### [WHAT YOU ARE ASKED TO DO]
Return the listing below unchanged, but without pictures.

### [GIVEN MATERIAL]
- - - -

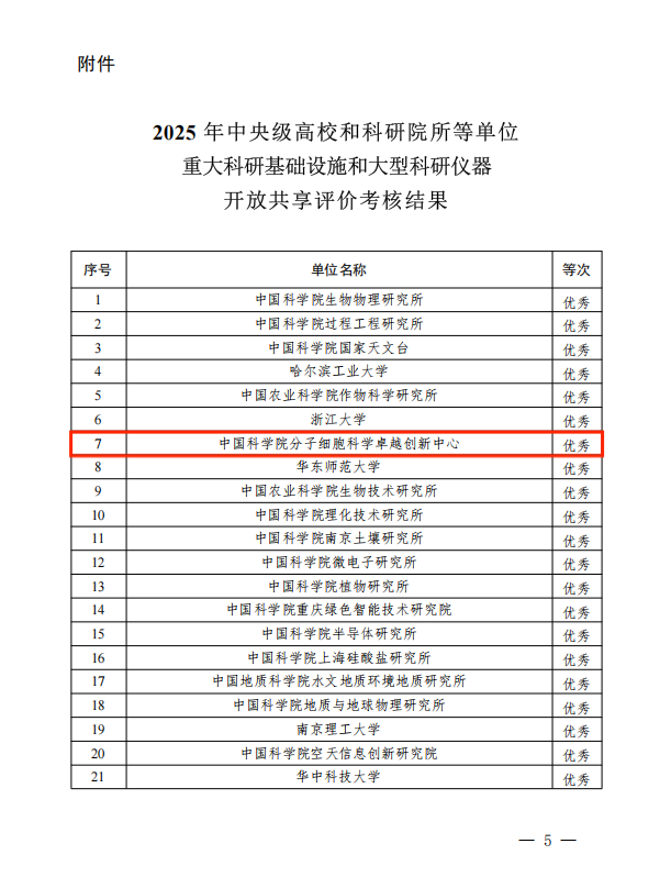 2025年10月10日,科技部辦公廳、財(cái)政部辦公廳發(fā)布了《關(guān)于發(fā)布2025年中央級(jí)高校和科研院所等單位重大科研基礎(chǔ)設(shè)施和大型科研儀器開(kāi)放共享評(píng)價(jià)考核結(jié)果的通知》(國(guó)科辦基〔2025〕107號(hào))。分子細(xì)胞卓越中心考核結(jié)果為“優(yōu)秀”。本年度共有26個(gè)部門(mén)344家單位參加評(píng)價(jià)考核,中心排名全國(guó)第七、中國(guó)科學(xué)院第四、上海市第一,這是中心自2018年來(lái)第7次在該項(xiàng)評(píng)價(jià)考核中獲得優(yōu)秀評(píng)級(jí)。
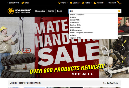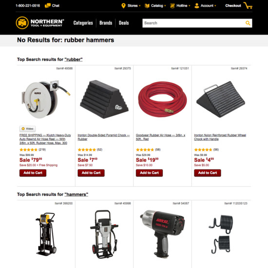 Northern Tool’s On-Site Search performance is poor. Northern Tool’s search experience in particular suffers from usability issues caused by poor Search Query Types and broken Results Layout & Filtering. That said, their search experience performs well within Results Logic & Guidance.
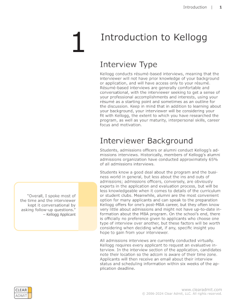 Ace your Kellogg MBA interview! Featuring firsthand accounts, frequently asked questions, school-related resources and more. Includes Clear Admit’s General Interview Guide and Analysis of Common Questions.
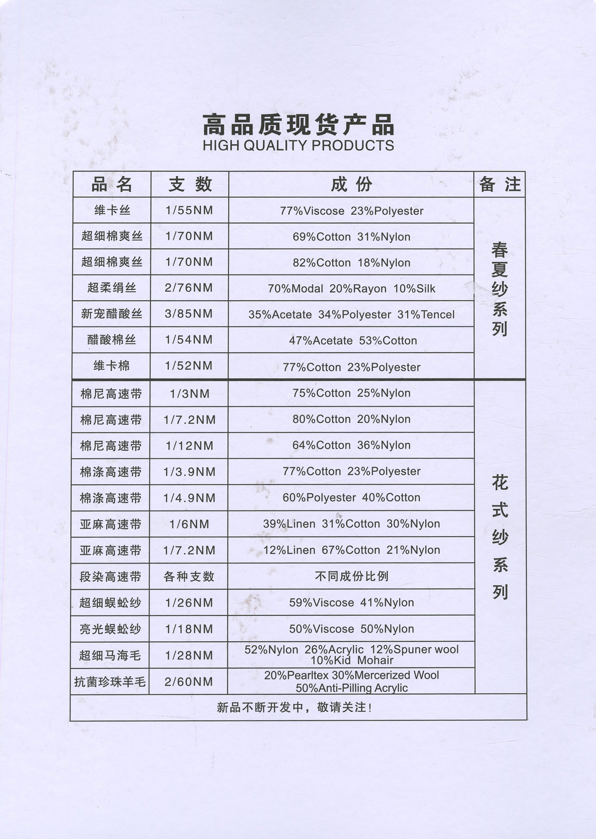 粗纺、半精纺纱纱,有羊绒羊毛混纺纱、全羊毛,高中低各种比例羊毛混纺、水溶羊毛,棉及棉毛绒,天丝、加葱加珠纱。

- - - -

### [RESPONSE]
 2025年10月10日,科技部辦公廳、財(cái)政部辦公廳發(fā)布了《關(guān)于發(fā)布2025年中央級(jí)高校和科研院所等單位重大科研基礎(chǔ)設(shè)施和大型科研儀器開(kāi)放共享評(píng)價(jià)考核結(jié)果的通知》(國(guó)科辦基〔2025〕107號(hào))。分子細(xì)胞卓越中心考核結(jié)果為“優(yōu)秀”。本年度共有26個(gè)部門(mén)344家單位參加評(píng)價(jià)考核,中心排名全國(guó)第七、中國(guó)科學(xué)院第四、上海市第一,這是中心自2018年來(lái)第7次在該項(xiàng)評(píng)價(jià)考核中獲得優(yōu)秀評(píng)級(jí)。
 Northern Tool’s On-Site Search performance is poor. Northern Tool’s search experience in particular suffers from usability issues caused by poor Search Query Types and broken Results Layout & Filtering. That said, their search experience performs well within Results Logic & Guidance.
 Ace your Kellogg MBA interview! Featuring firsthand accounts, frequently asked questions, school-related resources and more. Includes Clear Admit’s General Interview Guide and Analysis of Common Questions.
 粗纺、半精纺纱纱,有羊绒羊毛混纺纱、全羊毛,高中低各种比例羊毛混纺、水溶羊毛,棉及棉毛绒,天丝、加葱加珠纱。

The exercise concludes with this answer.